# 7 Series Redesign Info from WSJ



## beware_phog (Mar 7, 2003)

BMW Accelerates
To Fix Its '7 Series'

Purists Disliked Styling
And the iDrive Controls;
Sales Are Off 12% This Year

By NEAL E. BOUDETTE 
Staff Reporter of THE WALL STREET JOURNAL

FRANKFURT-Two years ago, Bayerische Motoren Werke AG did a radical redesign of its 7 Series sedan, and ended up making big waves among its fans. Now the German car maker is rushing to calm the waters.

BMW is working on a revamped version tentatively slated for launch in the second half of next year, about a year sooner than originally planned, people familiar with the matter said.

The touched-up 7 Series will still aim to present a striking look, but will modify some features that drew howls from purists, such as the front "face" of the car, its bulbous trunk and the dreaded iDrive interior control system, these people said. Peik von Bestenbostel, a BMW spokesman, said the company doesn't comment on cars that are still in development, but said BMW and other car makers typically refresh models every few years. Toyota Motor Corp.'s Lexus brand, for example, has just updated its top model, the LS 430. It has been on the market a year longer than the 7 Series, however.

The early redesign is a sign BMW went too far with the 7 Series. The car, which starts at about €72,400 ($84,476) in Europe, was the first of several vehicles designed to give the company a bolder, ultramodern look and feel. BMW hoped this would satisfy customer desire for more "curbside presence" in its top-of-the-line model.

When the 7 Series arrived in showrooms in 2002, some fans revolted. A "Stop Chris Bangle" campaign aimed at BMW's American chief designer sprang up on the Internet. BMW has defended the car, pointing out that this version of the 7 Series has outsold its predecessor in the U.S. and Asia. But it has flopped in Europe, especially with more conservative German and Swiss customers.

This year, even sales in the U.S. have softened. In the first nine months of this year, BMW has sold only 14,410 7 Series, down almost 12% from the same period a year ago, according to market researcher Autodata Corp. In September, sales were down 23%. Worse, some U.S. dealers have had to resort to discounts to sell the car, a tactic more familiar to down-and-dirty Chevys and Chryslers than a luxury make like BMW.

One of the main reasons for the hasty facelift is iDrive, a mouse-like knob that drivers use to scroll through a maze of menus to do anything from change the radio settings to turn off the seat heaters. It was supposed to be a leap forward in interior control, but it is so complicated it drives many customers crazy.

"The car is just wonderful to drive. The handling is incredible," said Thomas Tucker, owner of a 2002 7 Series in Mountain Brook, Ala. "But this iDrive is insane. You have to take your eyes off the road or stop to see where you push the knob, turn the knob. I think it's dangerous, if you're driving."
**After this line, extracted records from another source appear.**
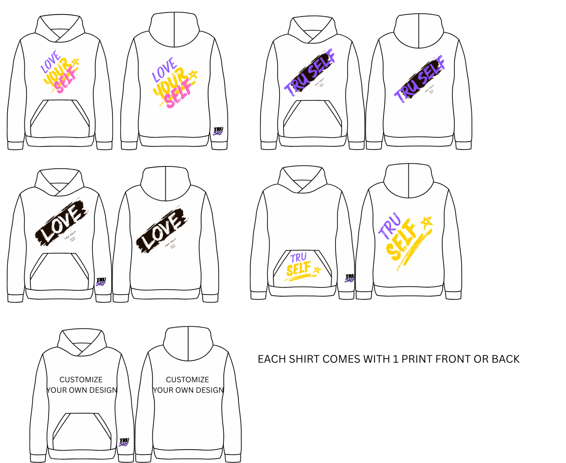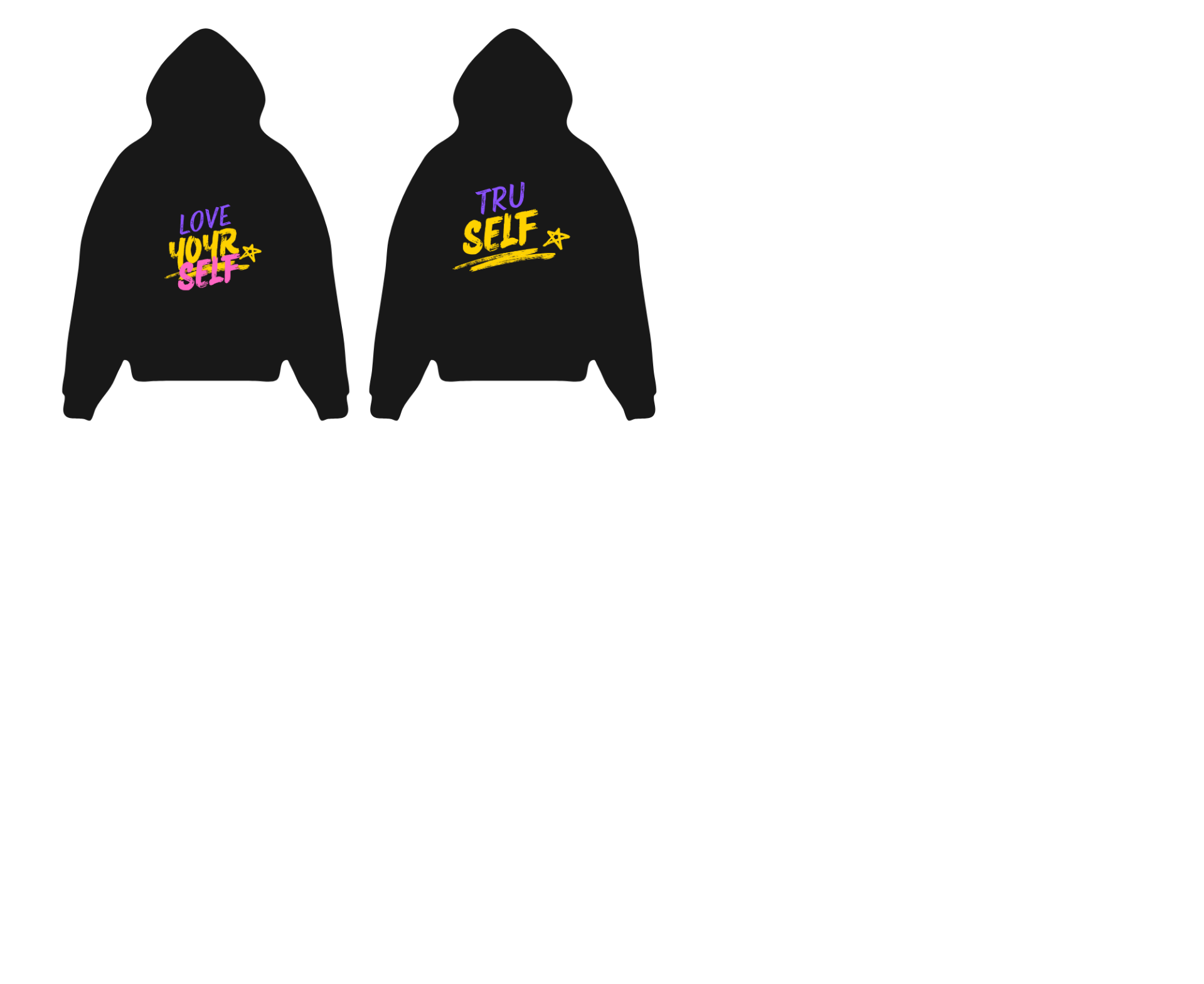 "Love Yourself" HOODIE — by Tru Self by K-Lynn This isn’t just a hoodie—it’s a statement. Custom-cut for confidence and designed to move with your vibe, this tee reminds the world that Only You Define You. Whether the bold print is front and center or making waves from the back, you’re serving self-love, realness, and Tru style.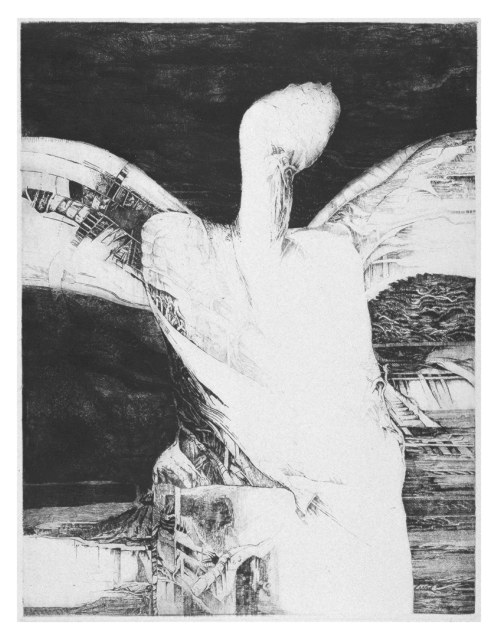 "Anioł" 1974 rok, akwaforta, akwatinta, format 65 x 50 cm. nakład 50 szt. II nagroda w Konkursie na Grafikę Roku GTPS 1974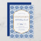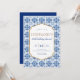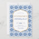A modern, elegant 30th birthday brunch invitation featuring watercolor blue tiles inspired by the Mediterranean traditions and a sequined golden frame (these are digital effects). Personalize it with the name, the date, the time and all the details. Modern calligraphy for the title. A lovely invite for a young woman of thirty, on her thirtieth birthday: daughter, girlfriend, wife, sister etc.

Dealers selling competing models from Lexus and Mercedes-Benz have been trying to use iDrive to their advantage, too. Andreas Stege, who runs a Lexus dealership in Osnabruck, in northern Germany, tells prospective buyers to hop in and drive off in an LS 430 for a hour or so. "Anyone who's driven a 7 Series knows you can't just take the keys and go," he smirked. "You have to spend a hour reading the manual."

BMW also is taking out some of the curves in the 7 Series' headlights and grille to make them more conservative, said a person who has seen prototypes of the new version. The odd-looking trunk, which was the result of a last-minute change to ensure enough room for four golf bags, will be tweaked so it doesn't quite look like it was glued on as an afterthought, the person said.

Write to Neal E. Boudette at [email protected]

Updated October 30, 2003


----------



## Mr. The Edge (Dec 19, 2001)




----------



## beware_phog (Mar 7, 2003)

atyclb said:


>


So no hope for a firesale? Oh well...


----------